Leo Mariani: Okay. No, that’s helpful. But it sounds like the message is you think the Upper can be very, very competitive with other gas assets as you look at it today?
Blake Sirgo: Yes. I mean there’s parts of the field that are super competitive, but I’ll just caveat the Lower Marcellus in this asset is some of the absolute best rock in all of the Lower 48. And I don’t think it’s going to compete with the cream with a crop lower that’s been drilled. But there’s — it’s still very competitive in our capital allocation.
Thomas Jorden: Yes. And Leo, competitiveness is always a function of well performance, but also price. And that’s a nice thing about Coterra where we said is we really do have an asset mix allows us to shift capital and allocate it based on those changes. So competitiveness of assets is not a static thing.
Leo Mariani: Okay, I appreciate it. Thank you.
Operator: Next, we’ll go to Charles Meade at Johnson Rice.
Charles Meade: Good morning, Tom to you and team. Just one question for me, and it’s around the way you guys are going to approach the Marcellus in the back half of the year. I think you — I heard you mentioned in your prepared comments that your plan has you guys turning some wells on in July. And as I think about recent history up in the Marcellus, a lot of times, we can see a good price bounce in the summer, but then we see another about a weakness in the Fall when the cooling demand goes away. So is there a scenario where you guys bring some wells on in July and then curtail them or kind of you shut them in again in the Fall? Or is it more along the lines of once you guys decide to bring them on? You’re just going to — you’re going to — you’re going to keep them on and does that bias you to turn them on later?

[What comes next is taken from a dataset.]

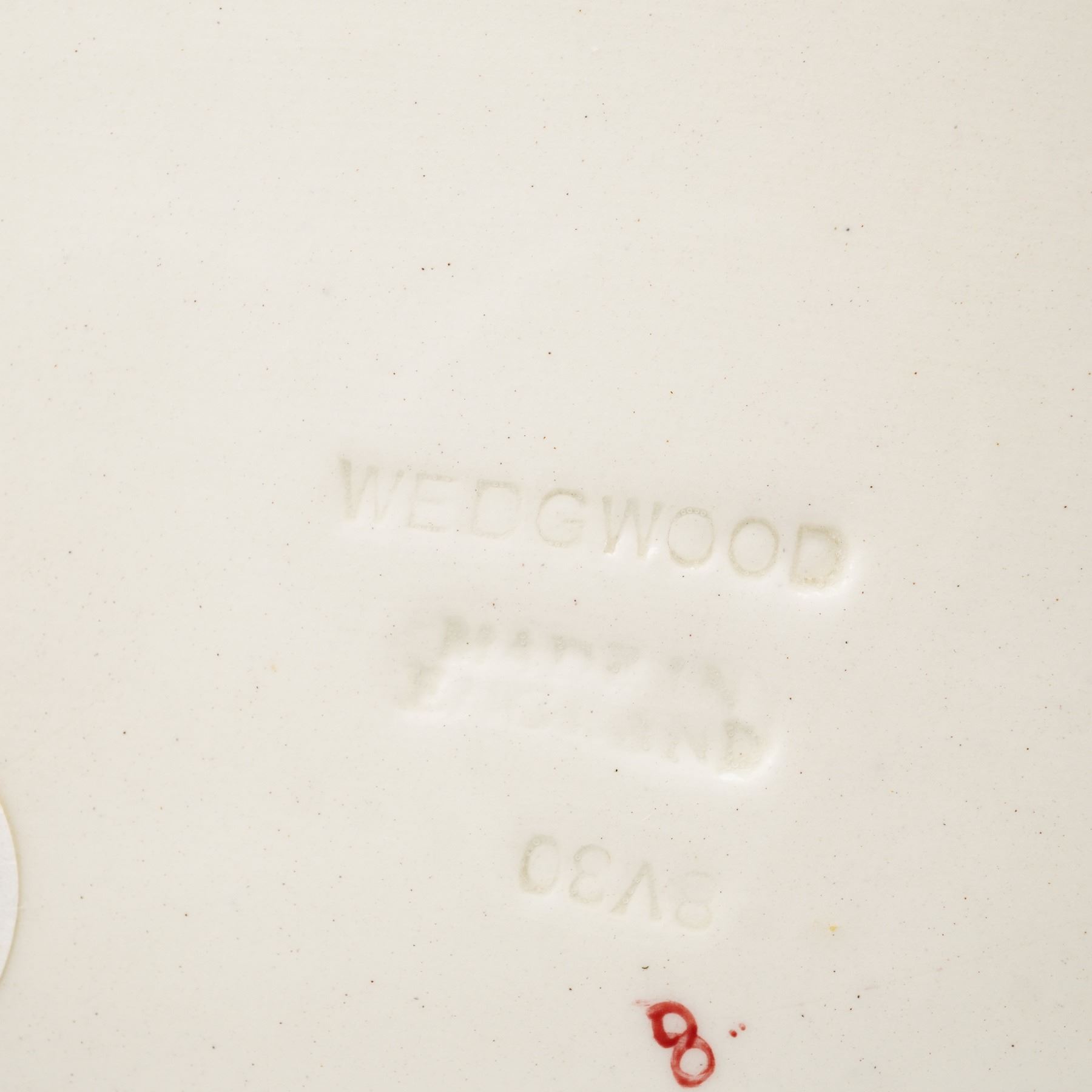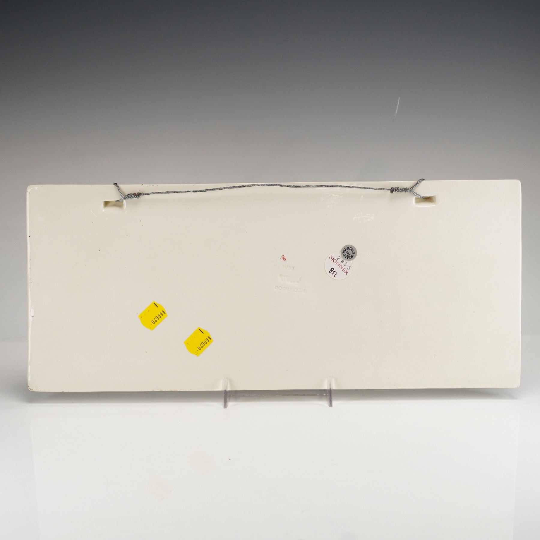 A Wedgwood polychrome glazed earthenware plaque featuring a relief-molded traditional English fox hunting scene. The horizontal rectangular plaque depicts four riders in red hunting coats on horseback with a pack of hounds in a wooded landscape including a gate and fence. The figures and landscape elements are raised from the background through relief-molding and finished with hand-applied polychrome glazes. The reverse features impressed marks for WEDGWOOD and MADE IN ENGLAND, along with an impressed alphanumeric code 8V30 and a hand-painted red 8. The back includes integrated molded lugs with an attached wire hanger. Labels on the reverse include a Rubin Collection sticker, a Skinner auction label, and two yellow lot stickers.

Thomas Jorden: Yes. I’ll just — I’ll answer your question with the analogy. We’ve said from day 1 that the way we manage our program is not a rifle shot, it’s a guided missile. So sitting here and saying we’re going to turn wells on in July, that’s talking about a rifle shot. We’re going to guide that missile every step of the way. We typically don’t manage our production up and down with the near-term price file. It usually takes something structural for us to make production decisions around price. And that’s the luxury of having low-cost supply, by the way. Right now, we have a structural issue with low gas prices, which is why we’ve turned those in line. And I’ll just say that July is what we’re carrying in our current model, and we’re going to make the best business decision and model will be down.
So I want to make sure of that. But I don’t think you’d see us ramp our production up and down with a changing price file. We just like to get north of a place where with the low-cost supply, we don’t have to worry about it.
Charles Meade: Got it, that’s helpful. Thank you.
Operator: And that concludes our Q&A session. I will now turn the conference back over to Tom Jorden for closing remarks.
Thomas Jorden: Yes. I just want to thank everybody. Great set of questions. We are very pleased to present the results we presented last night and look forward to repeating that. And as I said many times on this call, it’s our — talking about results is the conversation we want to have. So thank you all very much for your participation this morning.
Operator: And this concludes today’s conference call. Again, thank you for your participation. You may now disconnect.